# Stripey Sweater :D



## Piku (Jul 28, 2012)

Another attempt at a sweater, she can pull her arms out sometimes though lol


----------



## ~LS~ (Oct 29, 2011)

It's very pretty, and so is your pup.


----------



## TLI (Sep 3, 2008)

What a beautiful sweater! And your baby is beyond adorable!!! Definite Chi nappin' material.


----------



## pupluv168 (Mar 7, 2012)

She looks very pretty in that sweater. Great job!
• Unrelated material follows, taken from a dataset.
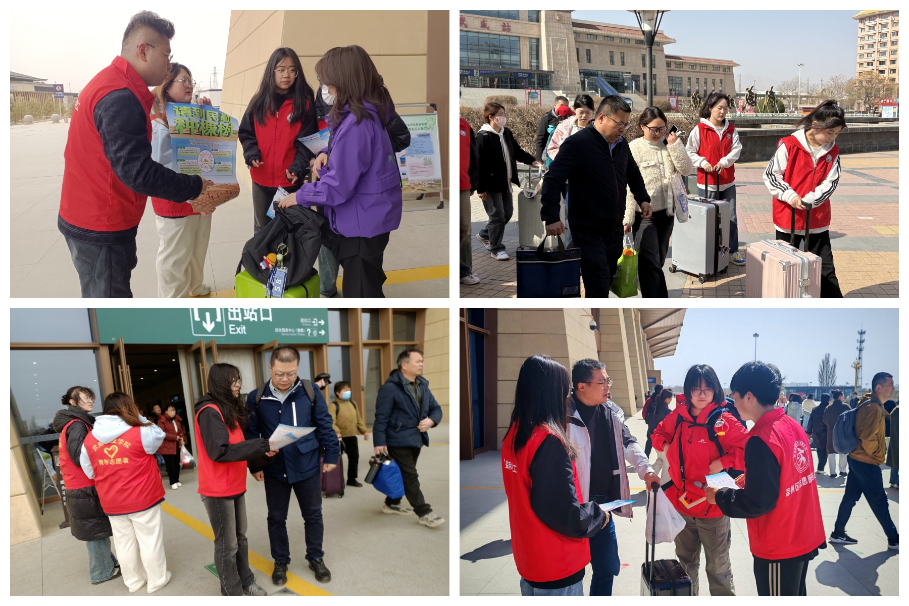 助力“請到民勤種棵樹”活動。宣傳統(tǒng)戰(zhàn)部、校團委組織志愿者在武威高鐵站、火車站、客運中心設立志愿服務站,為前來參加“請到民勤種棵樹”活動的志愿者們提供引導服務,詳細告知前往民勤的乘車路線、換乘信息和注意事項,協(xié)助搬運行李,引導他們有序乘車。
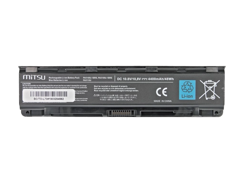 Batterie de remplacement MITSU fiable pour ordinateurs portables Toshiba séries C50, C55, C70 et L70, offrant une capacité de 4400 mAh (48 Wh) et une tension de 10,8–11,1 V. Elle utilise des cellules Li‑ion de qualité classe A, affiche une capacité réellement déclarée, est sans effet mémoire et est dotée de protections multicouches pour un fonctionnement sûr.

Sent from my iPhone using Petguide.com App


----------



## Pookypeds (Jun 20, 2006)

Nice looking sweater and a very cute chi!:love1:


----------



## Evelyn (Oct 14, 2012)

Pretty sweater, it looks girly, she doesn't seem to enjoy it , Ike doesn't like them. She is a beautiful little girl.:flower:


----------



## Star's Mama (Aug 15, 2012)

That is so cute! I really love it!


----------



## pigeonsheep (Nov 8, 2008)

love it! how does the back look?


----------



## MMS (Aug 2, 2012)

Oh my goodness that is so cute! (this coming for the most anti-girly-girl you could know). Is it knitted or crocheted?


----------



## Labergez (Nov 30, 2012)

loll these are so cute to look in sweaters .from where did you got these sweaters? i also want to get them for my puppies......


----------



## quinnandleah (Sep 28, 2011)

She is a little peanut.  The sweater is cute.


----------